Aufgefüllte Grundstücke und ehemalige Industrieflächen (Sendling, Daglfing-Riem) erfordern zusätzlich Bodenkontaminations-Untersuchungen. Hinzu kommen Tiefenbohrungen bei Hanglagen (Solln, Harlaching, Pasing-Riemerschmid-Hang).
Kosten Baugrund-Gutachten: 1.500–4.500 € bei Standard-Schotterebenen-Grundstücken, 4.500–12.000 € bei Grundwasser-Verdacht oder Hanglage. Wer auf das Gutachten verzichtet, riskiert Nachträge im fünfstelligen Bereich bei unerwarteten Bodenverhältnissen während der Aushub-Phase.
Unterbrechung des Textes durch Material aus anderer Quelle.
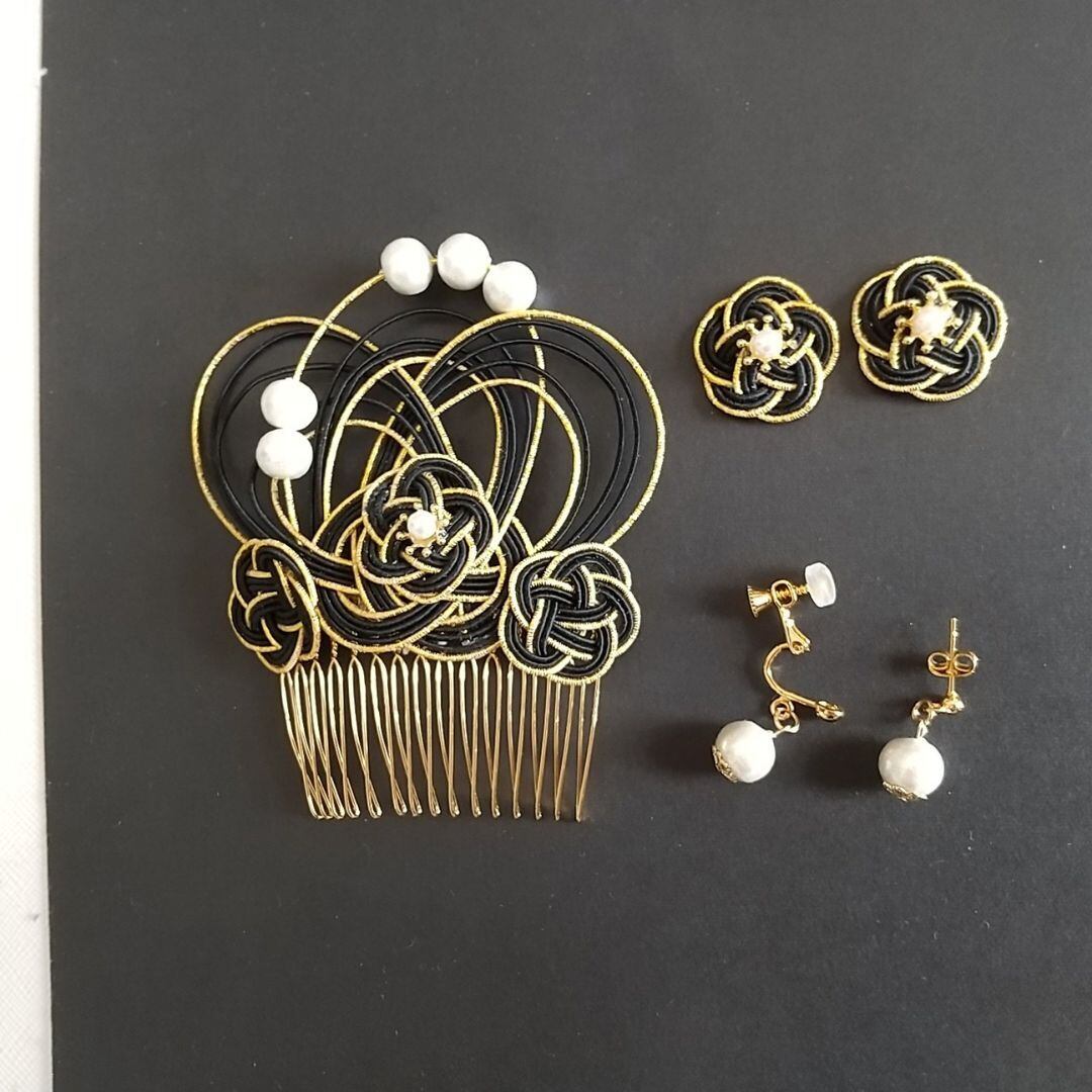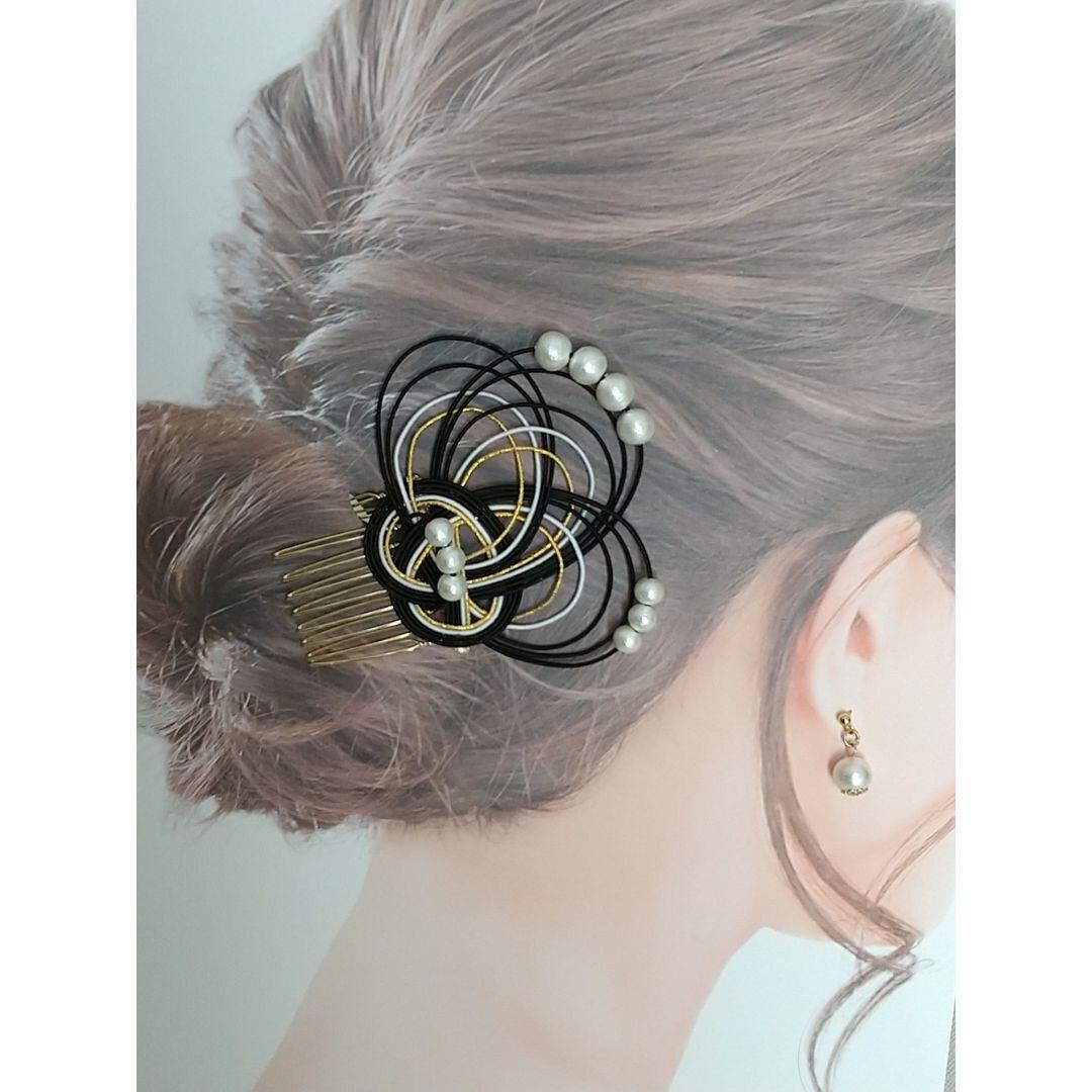 和洋折衷 国産水引髪飾り・簪/結婚式・成人式/着物・留袖・振袖・ドレス/コーム付き/袋入り
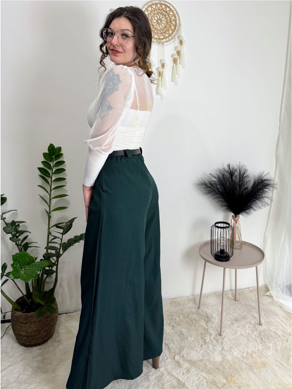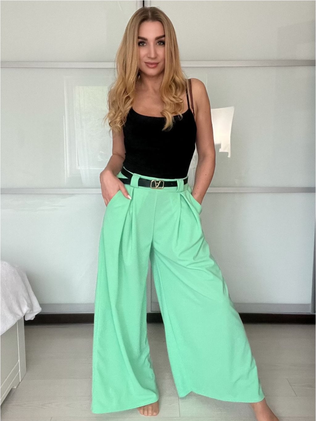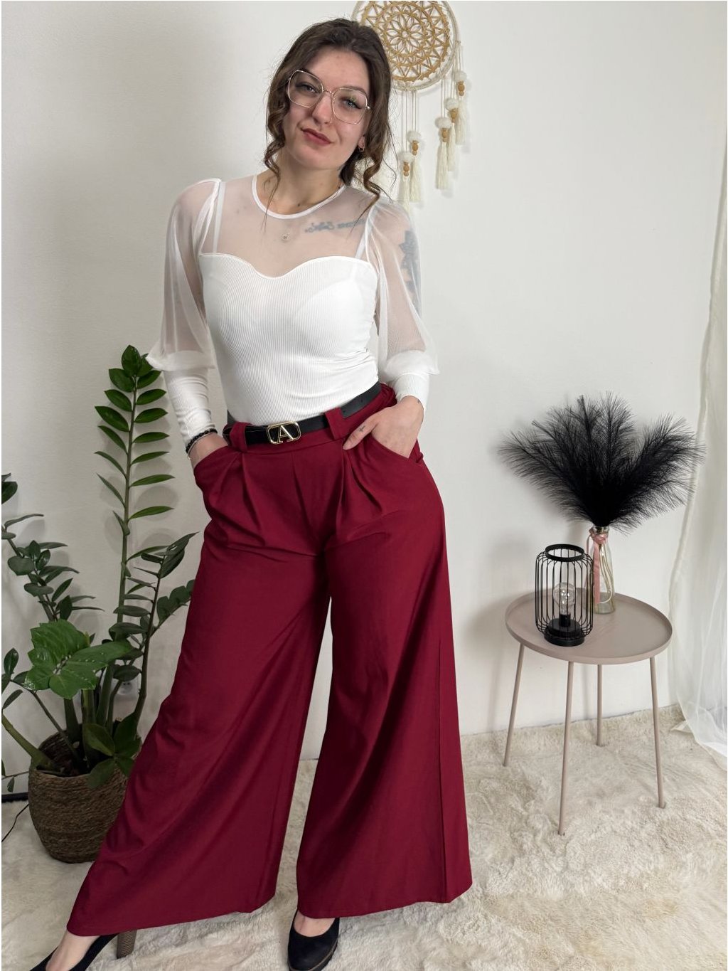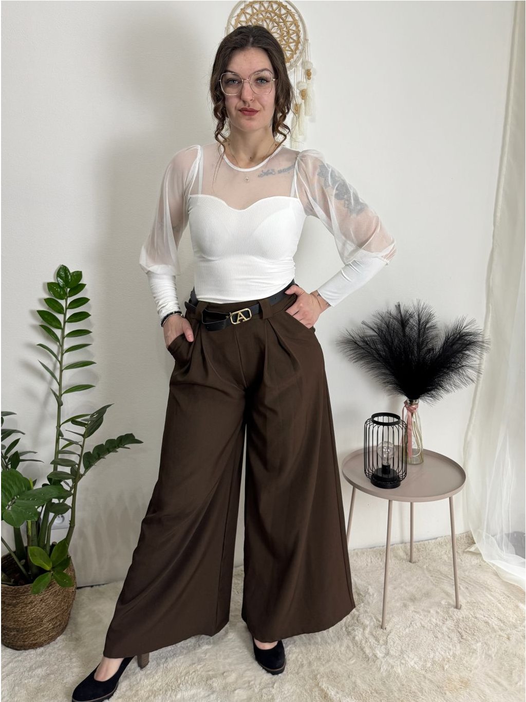 Široké elegantní kalhoty s páskem
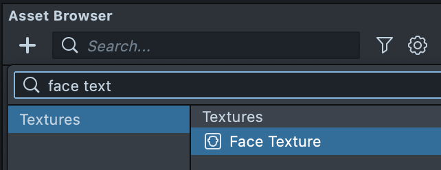 To create a Face Texture resource, first click the + button in the Asset Browser panel. Then, select Face Texture.
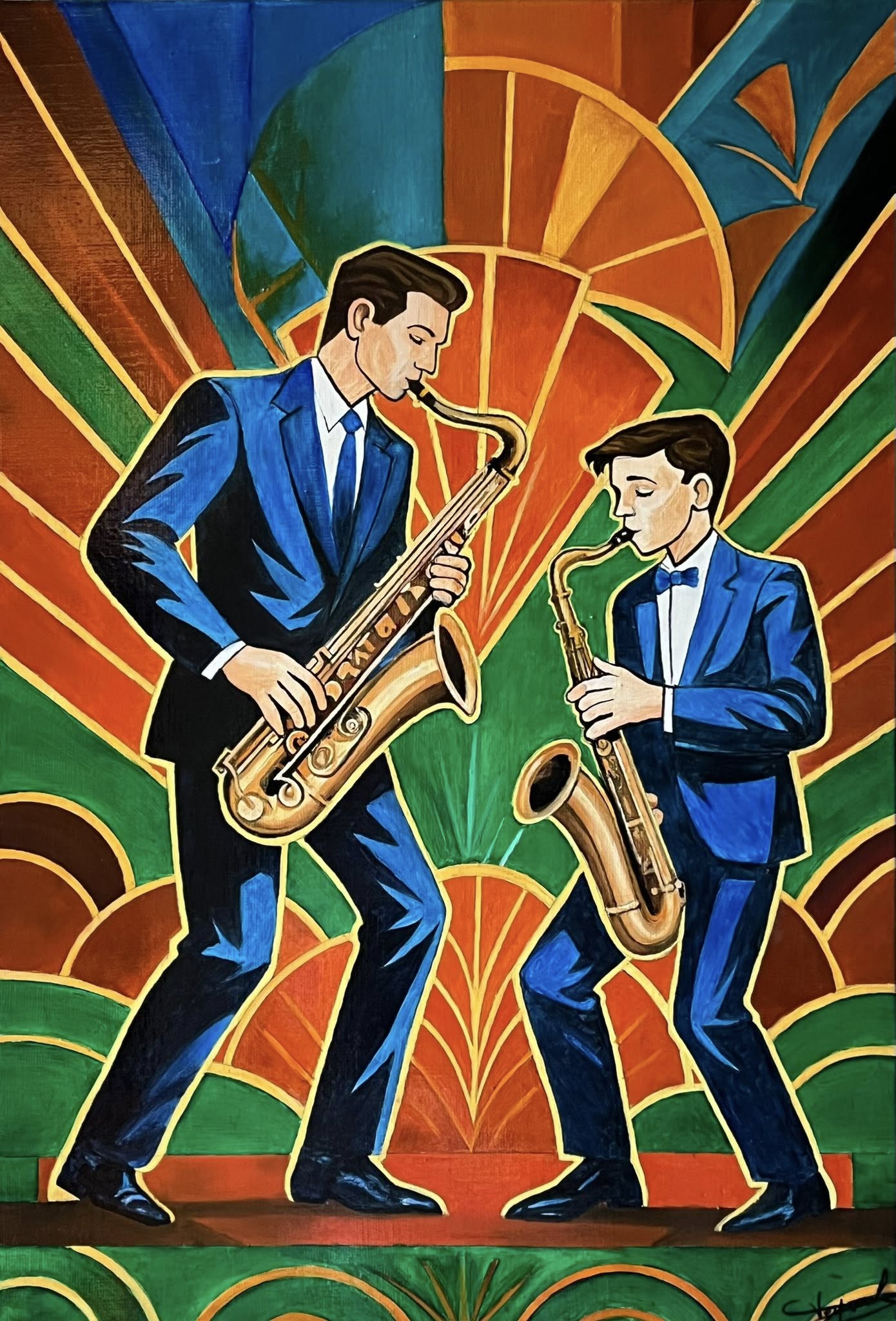 Take Five - Co-création/IA Huile sur lin 20 M (73 x 50 cm)

Während der Bauphase haftet der Bauherr für eine Vielzahl von Risiken. Drei Versicherungen sind faktisch unverzichtbar, eine vierte ist je nach Konstellation sinnvoll.
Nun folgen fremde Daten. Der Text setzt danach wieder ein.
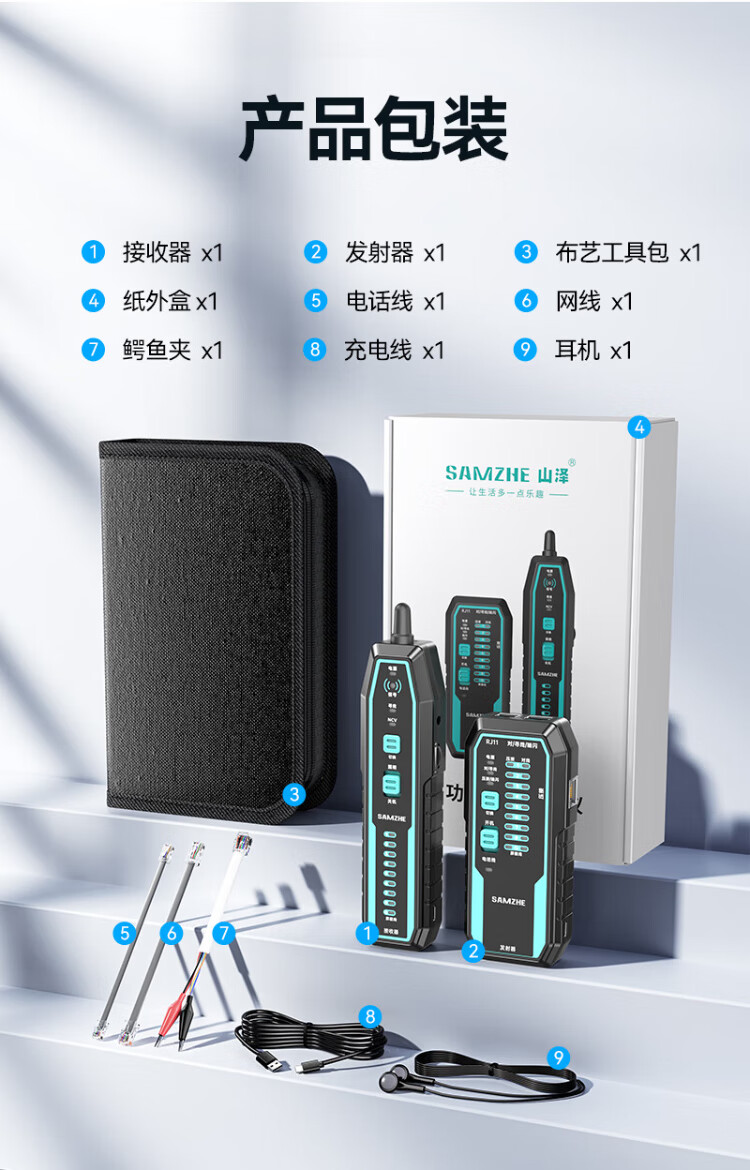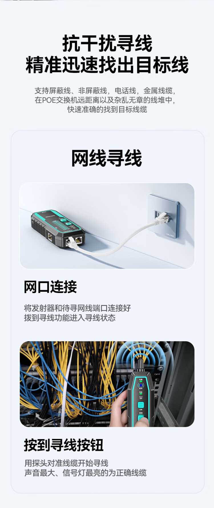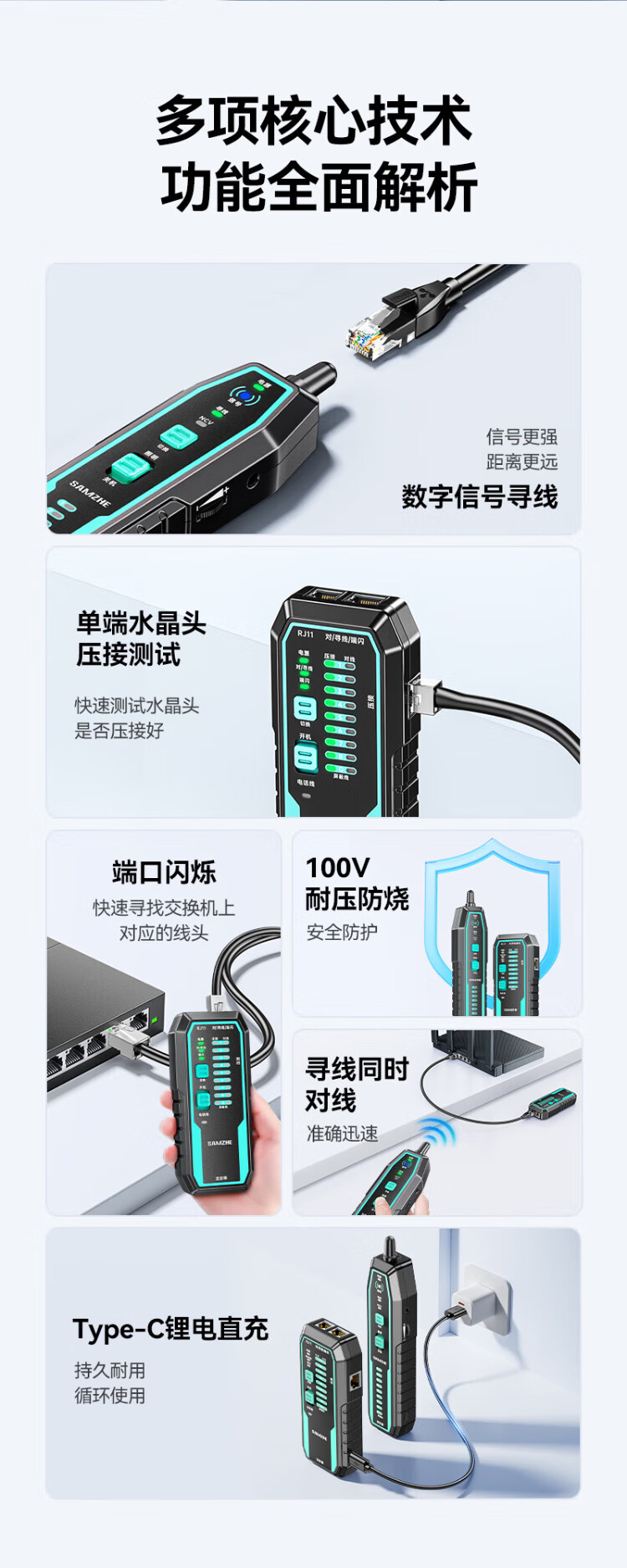山泽网络寻线仪多功能电话网线测线巡线仪POE交换机100V耐压寻线器抗干扰端口闪烁NCV电压探测SZ-D368

Bauherrenhaftpflicht-Versicherung deckt Schäden gegenüber Dritten auf der Baustelle (Passanten, Nachbarn, Lieferanten). Pflicht-empfohlen, kostet 300–800 € einmalig für die gesamte Bauzeit. Bauleistungs-Versicherung deckt Schäden am Bauwerk selbst (Sturm, Hagel, Vandalismus, Diebstahl) während der Bauphase. 0,15–0,30 % der Bauwerkskosten, bei 600.000 € EFH 900–1.800 €. Feuerrohbau-Versicherung sichert das Bauwerk gegen Brandschäden bis zum Bezug ab. Häufig kostenlos in den ersten 12 Monaten enthalten, danach 0,10–0,25 % der Versicherungssumme.
Optional: Bauträger-Insolvenz-Versicherung oder ergänzende Vertrauensschadenversicherung bei Bauträger-Modell, da die MaBV-gesicherten Zahlungspläne zwar Schutz bieten, aber Folgekosten einer Bauträger-Insolvenz (neuer Bauträger, Verzögerungen) nicht vollumfänglich abdecken. Vertiefend: Makler- und Bauträgerverordnung MaBV.
| Architekt nach HOAI (LPH 1–9, 9 %) | 54.000 € |
| Statik (2,5 %) | 15.000 € |
| Energieberater & Energieausweis | 3.500 € |
| LBK-Gebühren Bauantrag | 3.500 € |
| Vermessung + Baugrund-Gutachten | 5.500 € |
| Versicherungen Bauphase | 2.500 € |
| Außenanlagen (KG 500, 5 %) | 30.000 € |
| Baustrom, Bauwasser, Bauschild, Reinigung | 2.500 € |
| Baunebenkosten gesamt | 116.500 € |
Baunebenkosten-Anteil: 19,4 % der Bauwerkskosten. Bei komplexen Lagen (Erhaltungssatzung, Grundwasser, Spezialtiefbau) steigt der Anteil auf 21–23 %. Bei Bauträger-Modellen sind LPH 5–9 typisch im m²-Preis enthalten, der Eigenkostenanteil reduziert sich entsprechend auf rund 75.000–85.000 €.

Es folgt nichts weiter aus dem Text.